It can take 2 or 3 days for enough people to read a post to get a decent answer. What do you expect for free. Try the chat room if you want instant. At least you can talk to someone real time. Really boards aren't much good in a time-critical emergency, except for searching the old threads for a similar problem. 

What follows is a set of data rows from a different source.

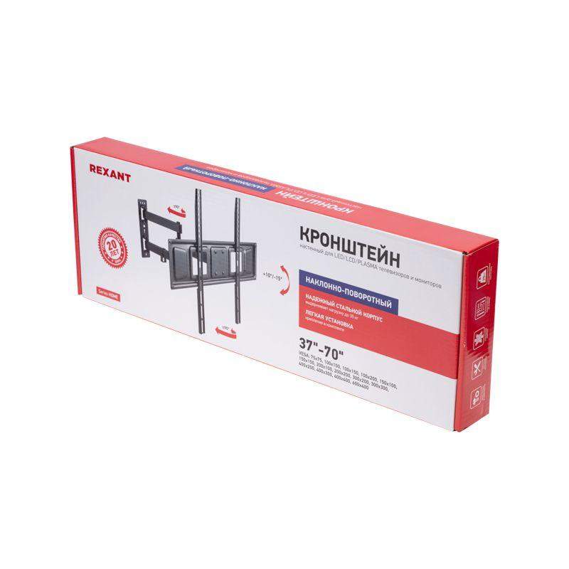 Кронштейн REXANT используется для крепления LED, LCD, PLASMA телевизоров и мониторов 37"- 70" дюймов к стене. Оснащен наклонно-поворотным механизмом (с 2 коленами), который позволяет свободно регулировать положение телевизора, что обеспечивает комфортный и удобный просмотр вне зависимости от Вашего расположения в комнате. В любой момент телевизор можно повернуть в нужную Вам сторону, выставить необходимый угол наклона и избежать бликов при смене освещения. Конструкция механизма позволяет точно и надежно фиксировать заданное положение с максимальной точностью. Кронштейн изготовлен из прочной и износоустойчивой стали, что гарантирует безопасность в процессе использования. Все необходимые крепления для установки изделия поставляются в комплекте, что обеспечивает удобный и быстрый монтаж. Расстояние от стены до кронштейна регулируется от 71 до 431 мм. Поддержка крепления стандарта VESA: 75x75, 100x100, 100x150, 100x200, 150x100, 150x150, 200x100, 200x200, 300x200, 300x300, 400x200, 400x300, 400x400, 600x400.
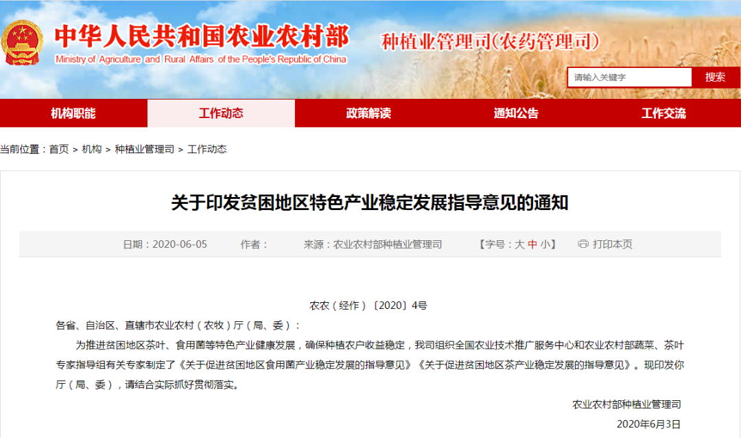 6月3日,农业农村部种植业管理司发布《关于印发贫困地区特色产业稳定发展指导意见的通知》。
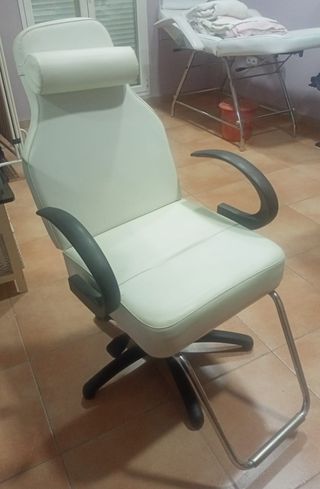Sillón de maquillaje con un diseño ergonómico y reposacabezas , y dos posiciones. - Base giratoria con reposaìes. - Brazos curvos. - Estructura metálica cromada.
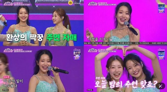 이어진 무대에서 김소연은 "오늘은 '미스쓰리랑' 공식 절친의 우정 무대를 준비했다"며 정서주와 노지훈의 '손가락 하트' 무대를 펼쳤다.

And yes, I seldom post "I don't know". Better to leave it unanswered, then it will get flagged for TOS or anyone who looks at unanswered posts.


----------



## Tallonebball (Apr 6, 2009)

Wow I like how your making fun of us and judging us yet we did nothing wrong to you or your tank.
We replied, your the one who made the mistake in the first place, we aren't here 24/7 to answer all questions instantaneously.
Don't get mad at us because you messed up and expected us to have a miracle cure, and its also probably not good idea to bite the hand that feeds you either.


----------



## lohachata (Jan 27, 2006)

tallone.....you look like chevy chase in that pic...lol


----------



## Tallonebball (Apr 6, 2009)

good or bad? lol


----------



## ApplePie (Jan 21, 2010)

nice edit mods...


----------



## metalgeartux (Feb 24, 2010)

i thanked the ppl that helped me im sorry i care about my fish and i dont like to see them go crazy and then die im a very intense person when it comes to animals i guess i went a bit overboard with it...sorry deepest apologies


----------